▸ **Provided records**
--
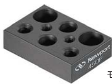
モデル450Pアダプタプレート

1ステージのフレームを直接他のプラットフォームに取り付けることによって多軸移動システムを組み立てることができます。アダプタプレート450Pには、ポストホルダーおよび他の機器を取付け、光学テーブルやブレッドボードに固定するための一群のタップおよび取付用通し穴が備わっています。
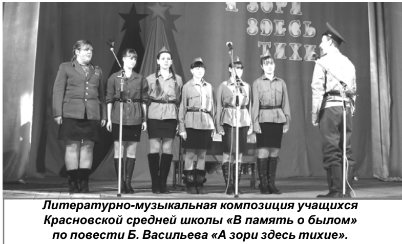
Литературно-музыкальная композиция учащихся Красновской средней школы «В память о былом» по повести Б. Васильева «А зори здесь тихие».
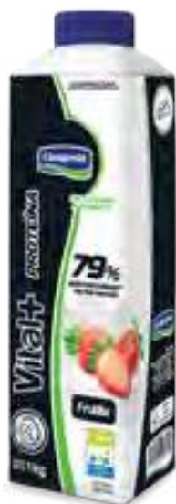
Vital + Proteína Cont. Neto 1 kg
--
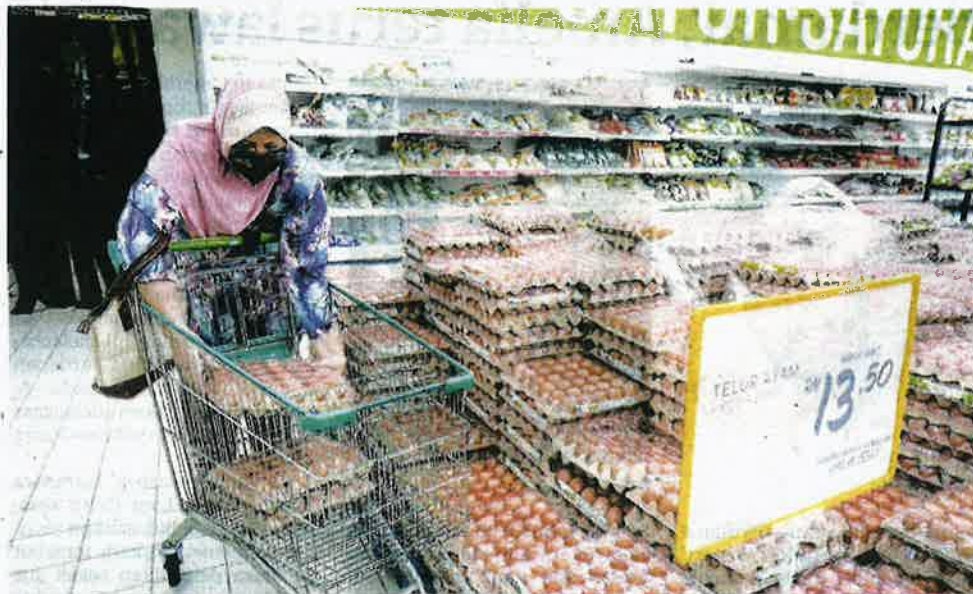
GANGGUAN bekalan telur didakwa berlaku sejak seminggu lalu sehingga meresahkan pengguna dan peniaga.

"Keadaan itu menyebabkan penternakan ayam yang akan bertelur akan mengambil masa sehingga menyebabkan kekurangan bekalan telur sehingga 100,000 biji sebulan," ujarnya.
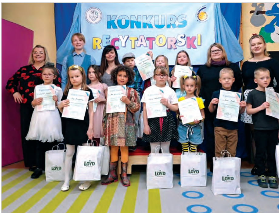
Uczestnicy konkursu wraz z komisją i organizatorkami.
--
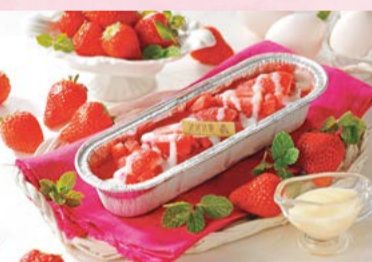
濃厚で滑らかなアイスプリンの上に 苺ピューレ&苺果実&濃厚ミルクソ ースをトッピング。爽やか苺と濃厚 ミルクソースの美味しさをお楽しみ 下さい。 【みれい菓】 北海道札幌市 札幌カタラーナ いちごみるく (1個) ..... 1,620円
--
▸ **What you are asked to do**
In the records above, copy exactly everything from the line that has "モデル450Pアダプタプレート" down to the line that has "Vital + Proteína Cont. Neto 1 kg", both ends included, and leave out the pictures.

▸ **Task solution**
モデル450Pアダプタプレート

1ステージのフレームを直接他のプラットフォームに取り付けることによって多軸移動システムを組み立てることができます。アダプタプレート450Pには、ポストホルダーおよび他の機器を取付け、光学テーブルやブレッドボードに固定するための一群のタップおよび取付用通し穴が備わっています。
Литературно-музыкальная композиция учащихся Красновской средней школы «В память о былом» по повести Б. Васильева «А зори здесь тихие».
Vital + Proteína Cont. Neto 1 kg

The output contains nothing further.